What the task requires. Give the lines again exactly as they appear below, from the line with "Sprzedam sukienkę. Szerokość" to the line with "Kis, bedugós, ezüst", both included, and only those lines. Leave every picture out.

Supplied material.
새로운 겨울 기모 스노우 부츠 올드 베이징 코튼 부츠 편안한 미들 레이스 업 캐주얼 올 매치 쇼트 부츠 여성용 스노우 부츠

--

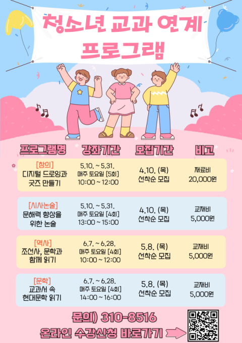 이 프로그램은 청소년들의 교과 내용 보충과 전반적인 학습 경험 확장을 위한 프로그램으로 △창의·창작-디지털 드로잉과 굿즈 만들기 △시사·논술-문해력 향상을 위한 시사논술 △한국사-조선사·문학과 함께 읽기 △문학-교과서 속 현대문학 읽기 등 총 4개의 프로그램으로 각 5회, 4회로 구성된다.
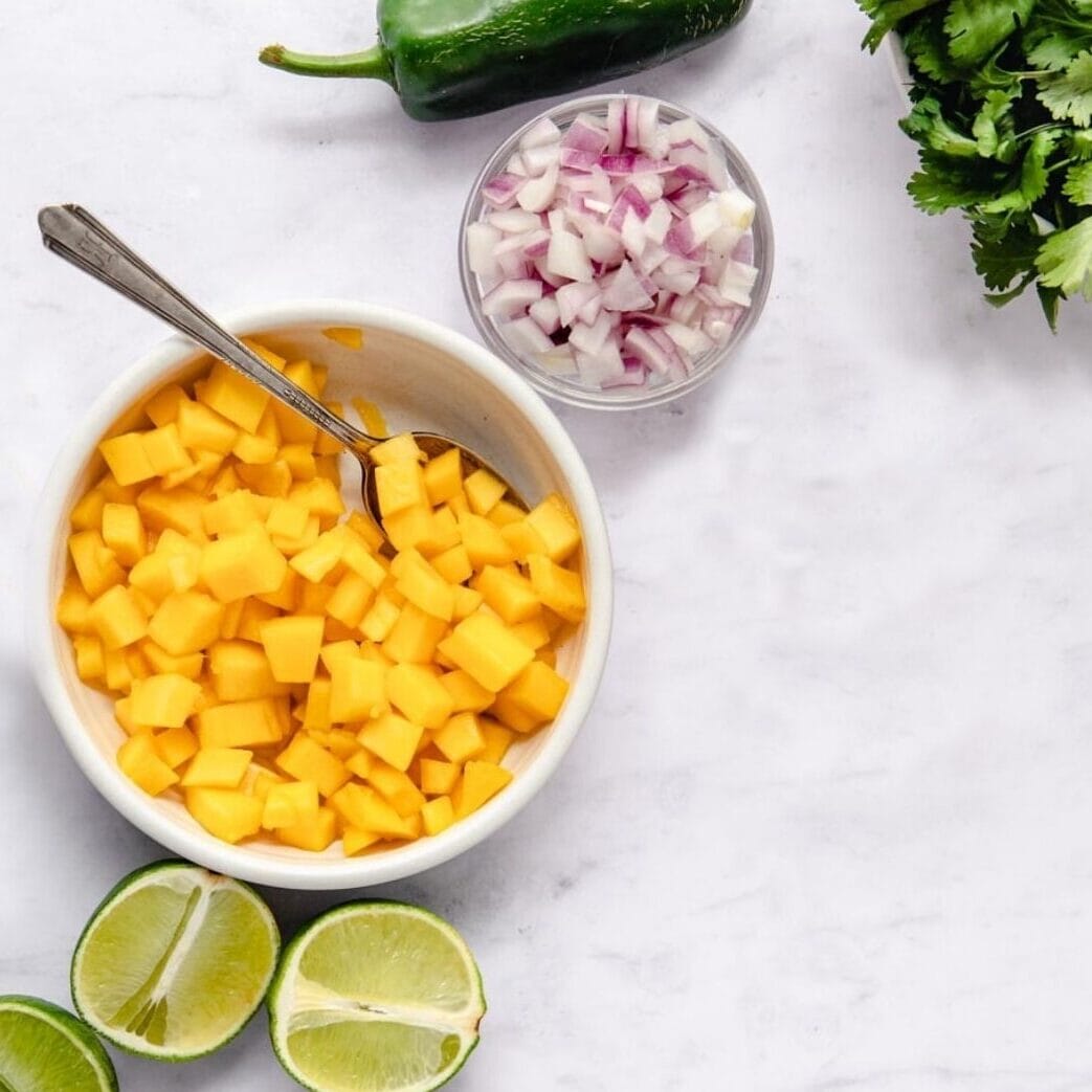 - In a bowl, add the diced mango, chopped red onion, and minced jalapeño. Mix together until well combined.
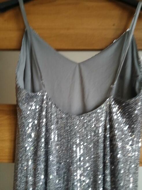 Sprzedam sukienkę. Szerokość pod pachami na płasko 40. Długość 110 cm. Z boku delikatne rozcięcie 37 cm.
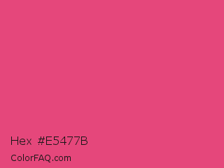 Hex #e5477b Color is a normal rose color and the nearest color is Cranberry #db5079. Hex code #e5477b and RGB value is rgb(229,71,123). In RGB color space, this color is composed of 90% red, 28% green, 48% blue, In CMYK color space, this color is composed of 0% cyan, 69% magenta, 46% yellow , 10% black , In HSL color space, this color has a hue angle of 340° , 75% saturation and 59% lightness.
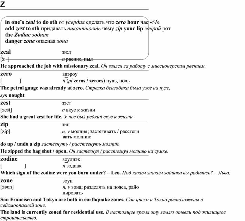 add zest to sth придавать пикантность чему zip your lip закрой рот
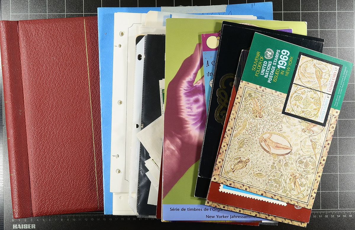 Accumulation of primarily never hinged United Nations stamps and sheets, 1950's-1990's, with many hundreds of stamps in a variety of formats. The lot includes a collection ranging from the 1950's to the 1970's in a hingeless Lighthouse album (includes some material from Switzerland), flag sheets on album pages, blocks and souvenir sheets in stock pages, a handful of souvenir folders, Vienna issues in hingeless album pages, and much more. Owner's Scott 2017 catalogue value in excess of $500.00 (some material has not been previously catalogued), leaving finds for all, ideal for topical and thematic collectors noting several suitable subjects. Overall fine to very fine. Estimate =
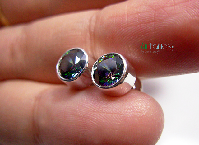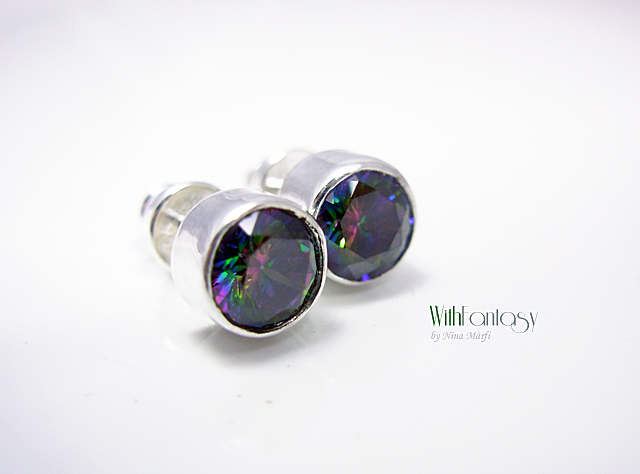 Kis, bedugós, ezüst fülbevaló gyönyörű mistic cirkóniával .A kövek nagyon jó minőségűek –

* * *

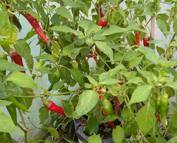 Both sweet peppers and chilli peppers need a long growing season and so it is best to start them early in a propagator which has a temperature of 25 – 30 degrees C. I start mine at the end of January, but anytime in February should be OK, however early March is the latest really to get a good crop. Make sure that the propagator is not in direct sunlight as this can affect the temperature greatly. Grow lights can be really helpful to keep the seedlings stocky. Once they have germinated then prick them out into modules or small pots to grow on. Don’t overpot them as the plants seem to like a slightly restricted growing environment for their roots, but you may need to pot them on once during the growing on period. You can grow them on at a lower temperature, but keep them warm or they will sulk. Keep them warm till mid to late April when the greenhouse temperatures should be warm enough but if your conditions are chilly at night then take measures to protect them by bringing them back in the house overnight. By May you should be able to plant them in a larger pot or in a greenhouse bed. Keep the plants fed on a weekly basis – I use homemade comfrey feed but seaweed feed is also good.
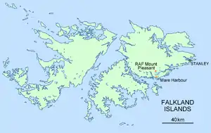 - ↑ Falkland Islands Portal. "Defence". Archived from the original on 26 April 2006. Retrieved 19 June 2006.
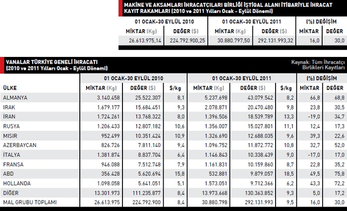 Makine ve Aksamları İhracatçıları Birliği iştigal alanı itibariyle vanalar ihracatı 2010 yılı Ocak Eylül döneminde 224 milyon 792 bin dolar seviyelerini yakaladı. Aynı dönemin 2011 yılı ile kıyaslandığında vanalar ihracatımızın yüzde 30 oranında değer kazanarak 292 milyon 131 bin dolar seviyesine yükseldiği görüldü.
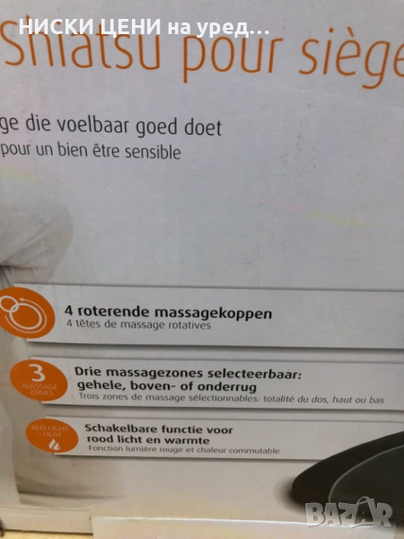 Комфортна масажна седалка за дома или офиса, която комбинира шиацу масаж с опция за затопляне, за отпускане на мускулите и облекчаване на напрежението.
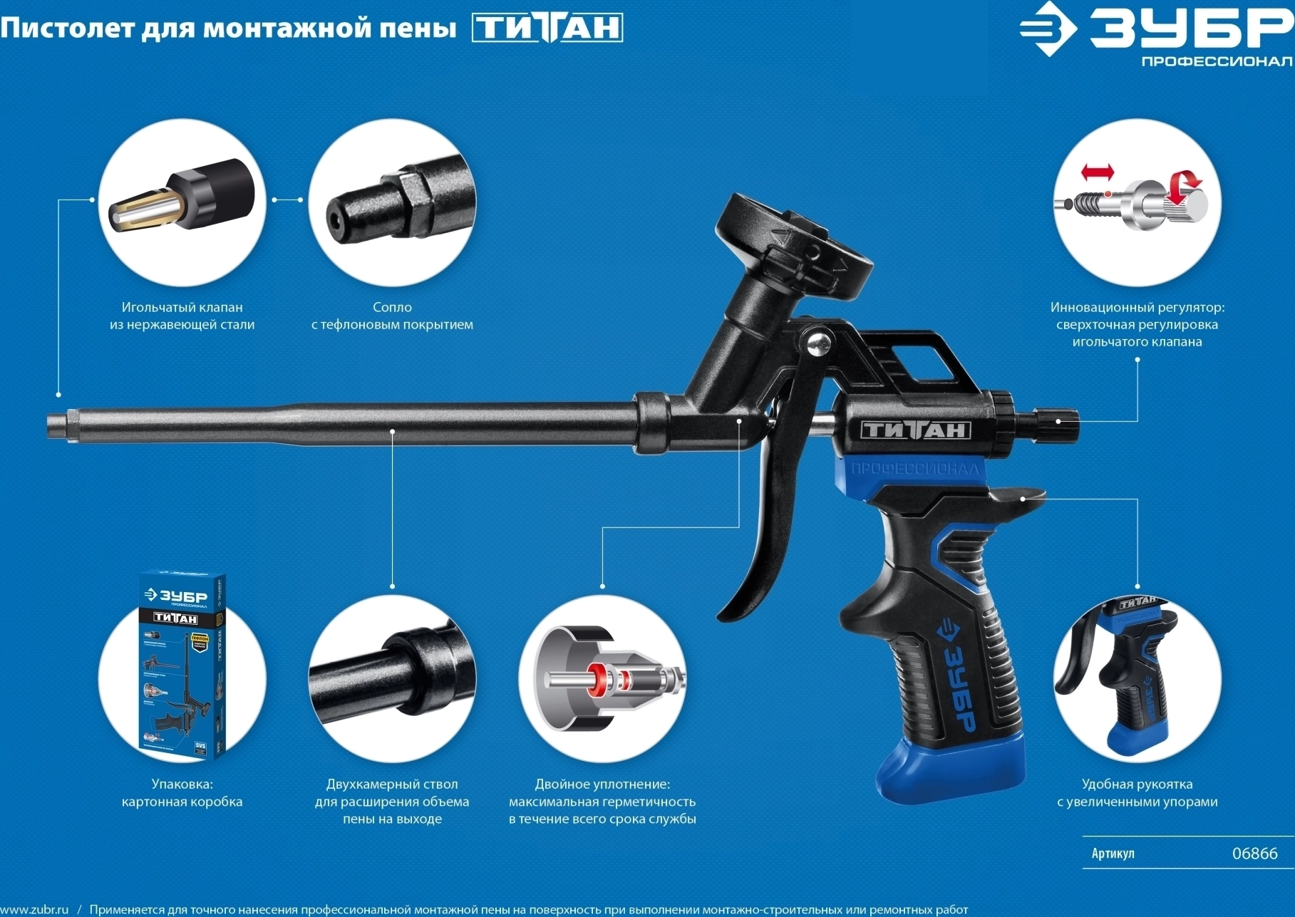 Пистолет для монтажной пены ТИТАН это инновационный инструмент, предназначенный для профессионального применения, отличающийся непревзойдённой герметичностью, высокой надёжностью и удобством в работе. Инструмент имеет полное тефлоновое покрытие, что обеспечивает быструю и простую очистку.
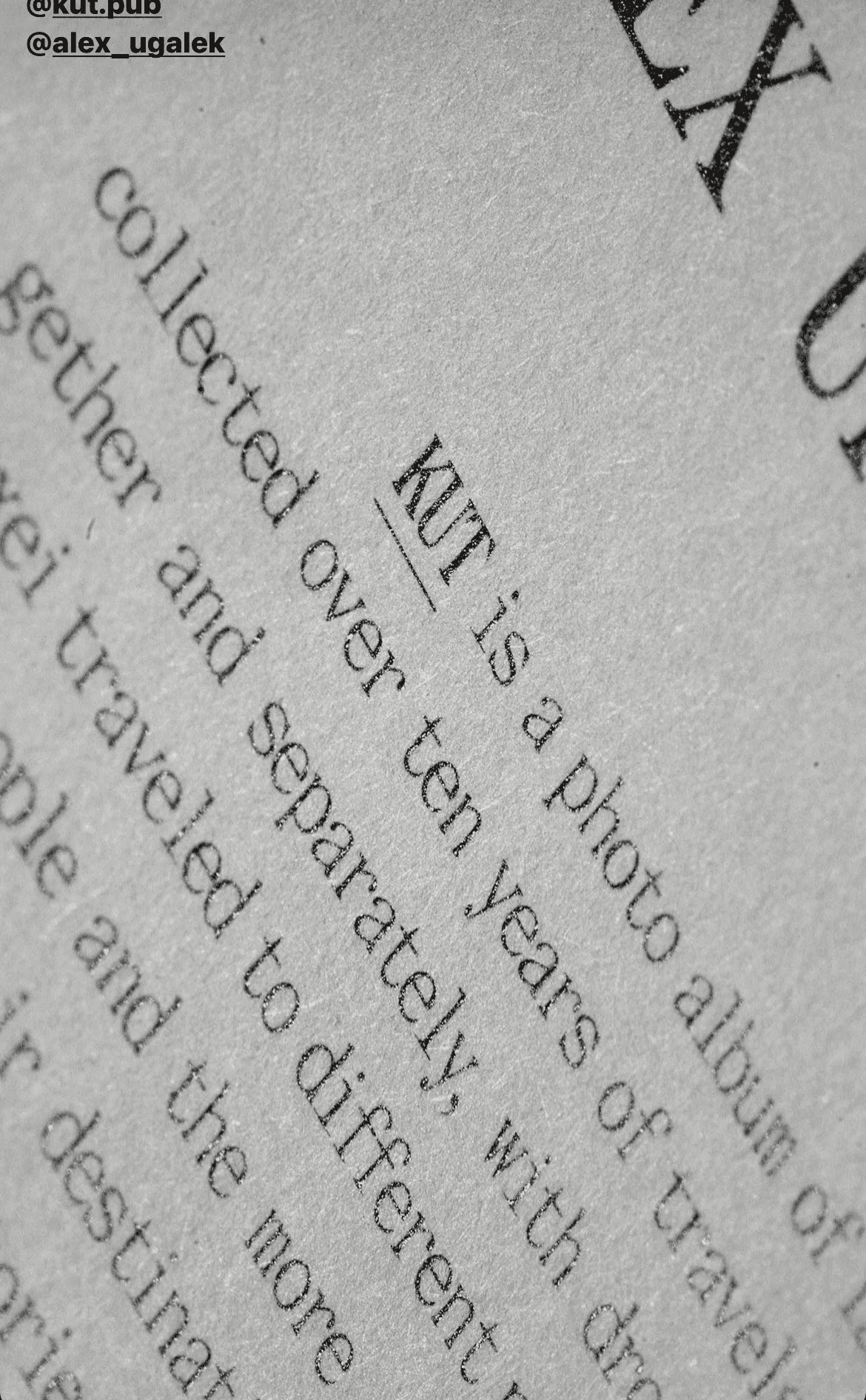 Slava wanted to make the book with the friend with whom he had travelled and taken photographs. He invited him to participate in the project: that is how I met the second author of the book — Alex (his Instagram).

Exercise response.
 Sprzedam sukienkę. Szerokość pod pachami na płasko 40. Długość 110 cm. Z boku delikatne rozcięcie 37 cm.
 Hex #e5477b Color is a normal rose color and the nearest color is Cranberry #db5079. Hex code #e5477b and RGB value is rgb(229,71,123). In RGB color space, this color is composed of 90% red, 28% green, 48% blue, In CMYK color space, this color is composed of 0% cyan, 69% magenta, 46% yellow , 10% black , In HSL color space, this color has a hue angle of 340° , 75% saturation and 59% lightness.
 add zest to sth придавать пикантность чему zip your lip закрой рот
 Accumulation of primarily never hinged United Nations stamps and sheets, 1950's-1990's, with many hundreds of stamps in a variety of formats. The lot includes a collection ranging from the 1950's to the 1970's in a hingeless Lighthouse album (includes some material from Switzerland), flag sheets on album pages, blocks and souvenir sheets in stock pages, a handful of souvenir folders, Vienna issues in hingeless album pages, and much more. Owner's Scott 2017 catalogue value in excess of $500.00 (some material has not been previously catalogued), leaving finds for all, ideal for topical and thematic collectors noting several suitable subjects. Overall fine to very fine. Estimate =
 Kis, bedugós, ezüst fülbevaló gyönyörű mistic cirkóniával .A kövek nagyon jó minőségűek –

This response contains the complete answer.